A six-year study of a special type of brain aneurysm -- the thrombotic aneurysm -- has led to a treatment "roadmap" that should mean better outcomes for patients with this unusual medical problem.
UCSF Medical Center neurosurgeon Michael Lawton, MD, headed the clinical research team. The findings are reported in the March 2005 issue of Neurosurgery.
Approximately 5 percent of the U.S. population develops a brain aneurysm at some time, and an even smaller percentage -- about 0.5 percent -- is diagnosed with a thrombotic aneurysm. An aneurysm is an outpouching or bulge in an artery that usually forms at a branch point. The bulge represents a weakened spot in the arterial wall, and without treatment there is a risk of hemorrhage leading to brain damage or death. A thrombotic aneurysm is unusual because it contains a blood clot.
In surgical treatment for a brain aneurysm, tiny metal clips, something like tiny clothespins, are typically used to separate the aneurysm from the normal vessel. The clips keep blood from entering the aneurysm, and as a result future bleeding is prevented and nearby brain tissue is protected. A solid clot inside the aneurysm makes it difficult for the blades of the clip to squeeze the aneurysm and make the separation from the normal vessel.
In an attempt to develop better ways to treat patients with thrombotic aneurysms, the research team studied 68 patients with the disorder. The researchers developed a classification system of six different types of thrombotic aneurysms and the best way to treat each type.
At UCSF Medical Center, surgeons perform more than 400 brain aneurysm procedures a year, and while all are not thrombotic, when this type does arise it presents particular challenges to a neurosurgeon, according to Lawton.
"When confronted with a thrombotic aneurysm, the neurosurgeon's instinct to clip collides with the solid mass of the aneurysm forcing him or her to trap the aneurysm between temporary clips...," the researchers write in the journal article. The next steps are to open the aneurysm wall, remove the blood clot from inside the aneurysm, and then reconstruct the neck of the aneurysm with clips. "This technique is stressful and the outcome unpredictable," they add, and can be associated with prolonged interruption of blood flow to the brain (known as ischemia), failed reconstructions, and poor results.
The study sought to address this with a classification system, giving the neurosurgeons more information on how to proceed with these challenging cases, Lawton said.
"There is little time to waste when a patient presents with an aneurysm," Lawton said. "The classification scheme may provide important preoperative guidance to neurosurgeons, increasing the chances of preserving the patient's life and function."
Lawton likened the classification to a driver having a roadmap. "It puts the surgeon a couple of steps further ahead," he said.
All of the patients in the study had surgery performed by Lawton. There were 41 women and 27 men who ranged in age from 11 to 79 years old, with a mean age of 53. The aneurysm types were assigned by the other study investigators on the basis of preoperative radiographic studies independent of findings during surgery.
An important finding of the study was that, despite their solid mass, one-third of thrombotic aneurysms can be treated surgically with conventional clipping, the researchers noted.
In addition, the researchers discovered that patients with unclippable thrombotic aneurysms had more favorable results when treated with bypass and occlusion, rather than with thrombectomy (removal of the clot) and reconstruction of the parent arteries with clips. With aneurysm occlusion, the surgical team completely shuts down the affected artery, but in order to do that safely, blood flow is first rerouted around the aneurysm with a bypass. In a bypass procedure, a blood vessel is taken from another part of the body, usually the leg, and is grafted to a brain artery downstream from the aneurysm to maintain blood flow to that territory. This treatment therefore eliminates blood flow through an aneurysm while preserving flow to normal brain.

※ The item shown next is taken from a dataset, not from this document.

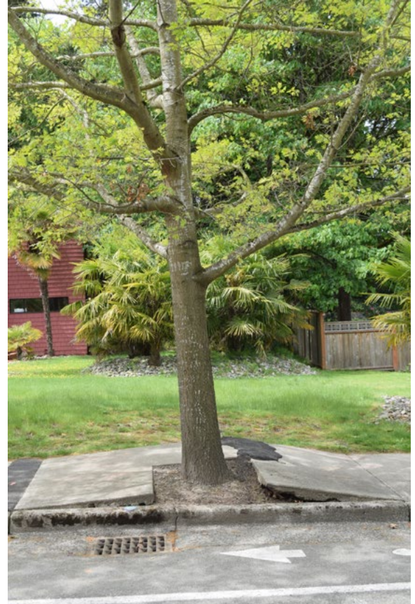
Heaved sidewalk on 112th Avenue NE is a tripping hazard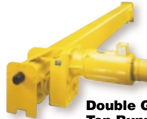
Double Girder, Top-Running Crane Bridge Kits Capacities: 1 - 100 Tons

The journal report details, through description and illustration, the six classifications of thrombotic aneurysms. The aneurysms range from Type 1, which is the classic thrombotic aneurysm, to Type 6, in which the aneurysm was previously treated with implantation of coils. These tiny platinum coils are deployed into the aneurysm to block blood flow and prevent rupture.
Along with Lawton, authors of the paper include Alfredo Quinones-Hinojosa, MD, and Edward Chang, MD, both residents in neurosurgery, UCSF Medical Center; and Timothy Yu, MD, Department of Neurology, Massachusetts General Hospital, Harvard Medical School.